A universe not understandable by reductionism? Nor by a grand patron in robe and slippers?  Kauffman gives us a radical appreciation of an unpredictable creativity that underpins and leavens our cosmos.

*Interesting (to me anyway) Kauffman was president (in 1961) of the same mountaineering club as was I (1974).  Makes me wonder anew about the field of embodied cognition to which I referred  in “Let’s Dance” 1/24/08 below.  Kinesthetics, adventure, and cerebration  can combine to powerful effect.

**Dang if he didn’t figure out how to get paid to sit around staring off into space while I still need my day job.   Teaching at Harvard this spring,  he heads the Institute for Biocomplexity and Informatics at the University of Calgary.

aka Synchronicity?

July 25, 2008

  Hard, really, to find physics any less weird than most religions – at least once past robe and sandals expectations.  Example?  How about Bell’s Theorem.

  Remember how nothing can move faster than the speed of light?  That if a star blows up in a galaxy many light years distant, it would be impossible for us here on earth to know anything at all about the event until its light reached someone’s eyeballs some millions of years down the road? 

  OK, now one would thus suppose that if something happens here, there could be no instantaneously connected event over there.  Whether across the room or in that other galaxy.  Locality they call it.  Must be present to win.  That is what the theory of relativity holds.

  Well an aspect of quantum physics holds that there can indeed be “spooky action at a distance” as Einstein put it.  That part of the theory is what caused him (with two colleagues) to write “Can Quantum-Mechanical Description of Physical Reality be Considered Complete” in 1935.  He never did buy in.

  Quantum theory was developed before there were means by which to test many aspects of it.  But a theorem developed by John Stewart Bell in 1964 and experiments in particle physics since have shown that an event here can in fact be subtly entwined with one way over there.    

  Physicist Brian Greene makes an analogy using dice.  An identical pair is separated – one goes to Vegas and one to Monte Carlo.  They are repeatedly thrown at exactly the same time.  If ‘entwined’ they somehow always come up the same.  No one has yet figured out how or why.

  David Harrison, a professor at the University of Ontario commented in an essay that: “Bell’s Theorem is the most profound discovery of science… not just physics, but all of science”.  At the end he notes that it would force Einstein to accept Quantum Physics were he still alive.

  And as Greene writes in his book The Fabric Of The Cosmos: “Numerous assaults on our conception of reality are emerging from modern physics…  Of those that have been experimentally verified, I find none more mind-boggling than the recent realization that our universe is not local.”

  Jeesh.

Bell’s Theorem

July 18, 2008

  An old guide with features as sharp and chiseled as the rock ledge upon which he sat stared into the void.  His much younger companion ministered his smooth hands with tape and tincture of benzoin.

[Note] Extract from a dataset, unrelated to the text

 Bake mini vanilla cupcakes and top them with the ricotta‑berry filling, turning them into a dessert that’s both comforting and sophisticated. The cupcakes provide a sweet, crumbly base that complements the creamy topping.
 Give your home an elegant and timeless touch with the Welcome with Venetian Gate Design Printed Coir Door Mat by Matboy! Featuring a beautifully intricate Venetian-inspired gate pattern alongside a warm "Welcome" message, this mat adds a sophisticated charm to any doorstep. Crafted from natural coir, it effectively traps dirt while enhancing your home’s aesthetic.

  Higher up, the youth, a “guide aspirant”, allowed as how the elder moved rather well for his age.  Indeed, he had so far been impressed.  There was no retort or response but for the crunch of rice cakes and gurgle of water from the canteen – water which had been scooped from the clear cold stream far below.

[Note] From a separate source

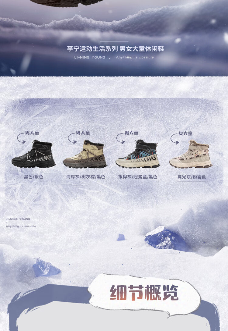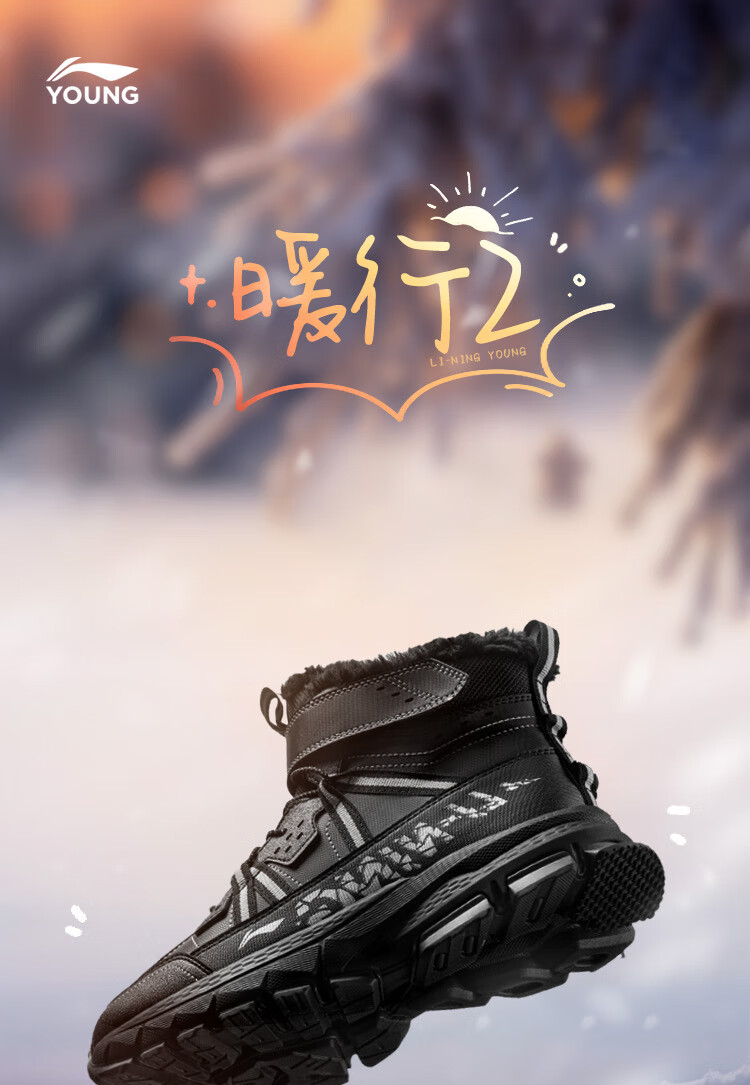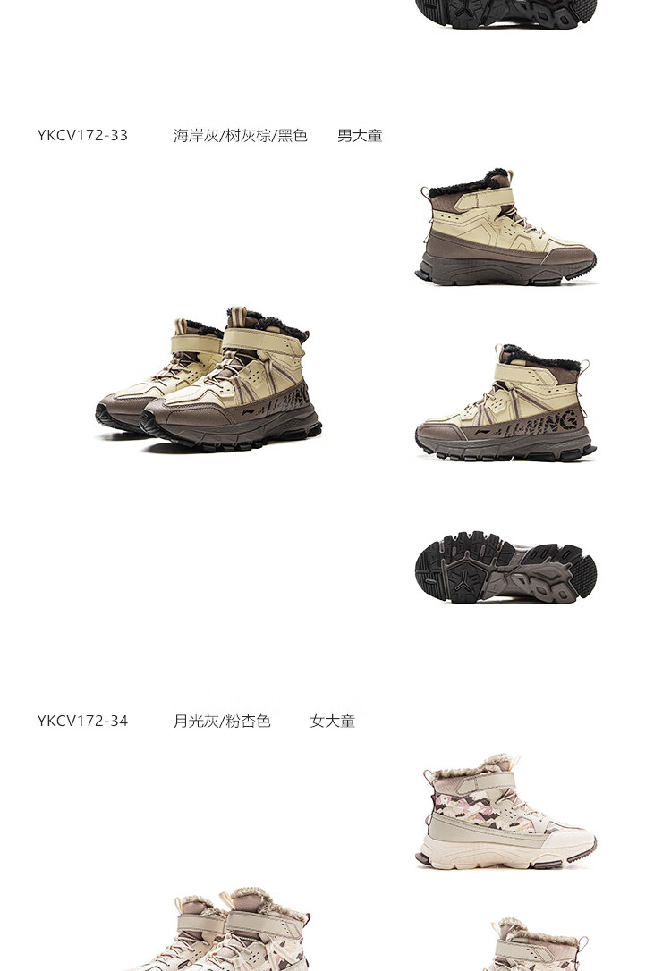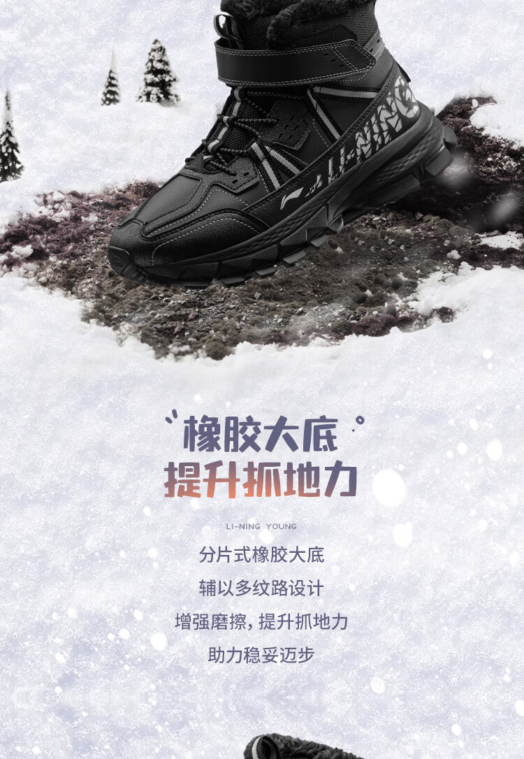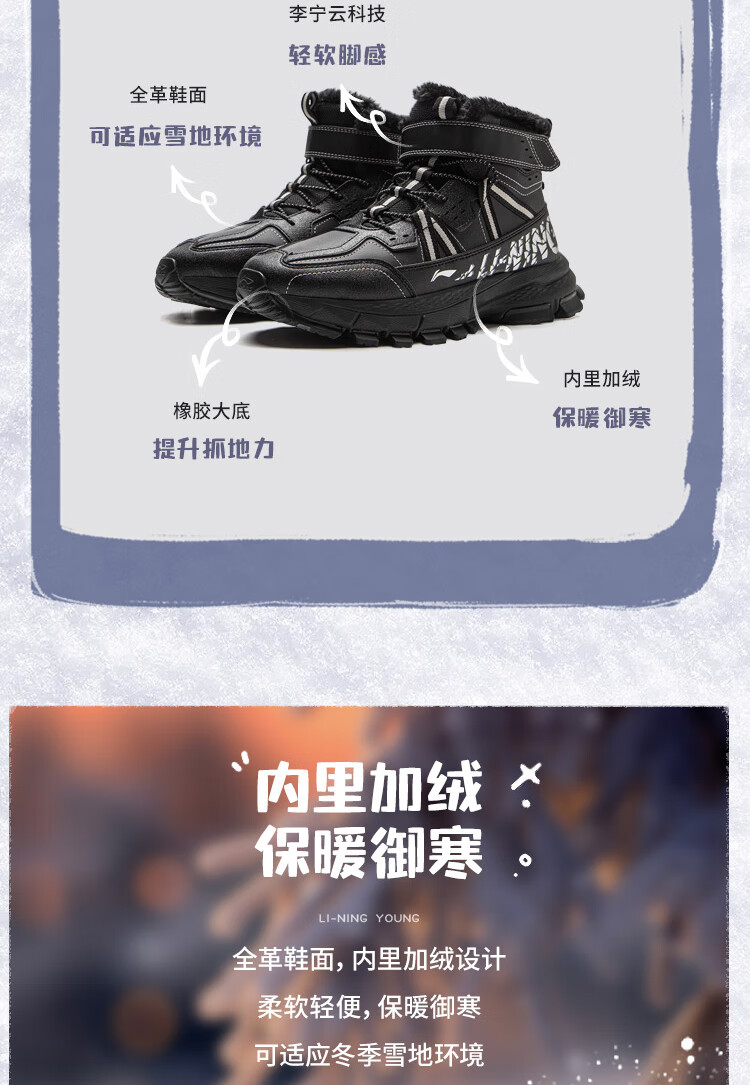 Li Ning children's shoes, children's cotton shoes, men's and women's warm 2 plus velvet warm shock-absorbing rebound high-top sports shoes YKCV172 silver birch gray/crown blue/black-35 34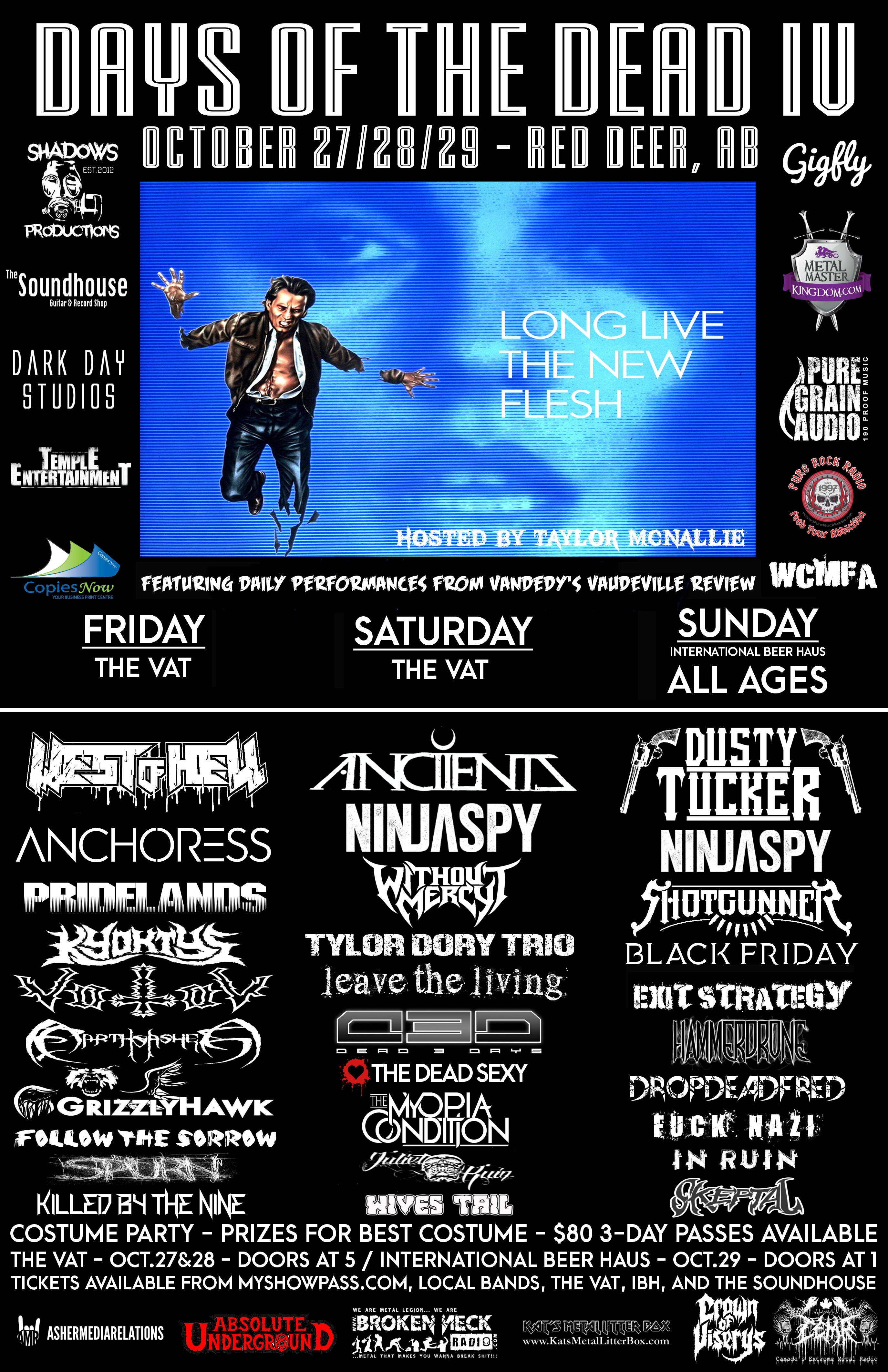 Decimate MetalFest is the brainchild of Sloan Voxx of Voxx Promotions, which is destined to become an annual Canadian metal pilgrimage to Calgary, Alberta, Canada. With the many yearly festivals becoming part of the national metal heritage, Sloan wants Decimate MetalFest to become one of the best-known events alongside the various festivals located within Alberta, and Western Canada. With Voxx Promos booking and promotional experience, and the support of metalheads internationally, there is nothing to stop them from reaching their goal of bringing in the masses and putting on incredible metal festivals for years to come!” (writing credit – Ingrid Newton)

  Long before sunset the guide had prevailed upon the youth to take advantage of the broad ledge traversing both walls of the huge dihedral they were ascending.  Protestations as to the waste of yet available light were left echoing alone.

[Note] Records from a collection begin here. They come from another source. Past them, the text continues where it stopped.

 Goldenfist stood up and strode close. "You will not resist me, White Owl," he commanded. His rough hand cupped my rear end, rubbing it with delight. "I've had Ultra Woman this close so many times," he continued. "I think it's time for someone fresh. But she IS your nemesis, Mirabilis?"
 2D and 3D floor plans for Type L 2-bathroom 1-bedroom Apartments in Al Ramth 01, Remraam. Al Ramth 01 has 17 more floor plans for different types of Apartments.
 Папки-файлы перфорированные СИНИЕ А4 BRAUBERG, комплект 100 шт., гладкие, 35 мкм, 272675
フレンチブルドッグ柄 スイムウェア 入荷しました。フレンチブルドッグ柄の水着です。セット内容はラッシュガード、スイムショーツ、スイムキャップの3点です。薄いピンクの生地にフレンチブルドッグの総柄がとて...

  Moreover, though the ledge on one side was flat and smooth, the other was roughly castellated.  The youth had remarked upon this fact and the related possibilities for a comfortable night.  To his then further dismay, the old guide insisted that they both watch the moon from amongst the blocks.

  Just after dawn, there was a terrible sound from high above.  Covering his head and face with his hands, the youth pressed himself to the back of the ledge and behind the now welcome hunks of orange granite.

  Thick with the smell of damnation, the dust cloud slowly cleared as the young man peered between his fingers to see the old man unmoved and beyond him unweathered rock where the opposite ledge had for millennia been.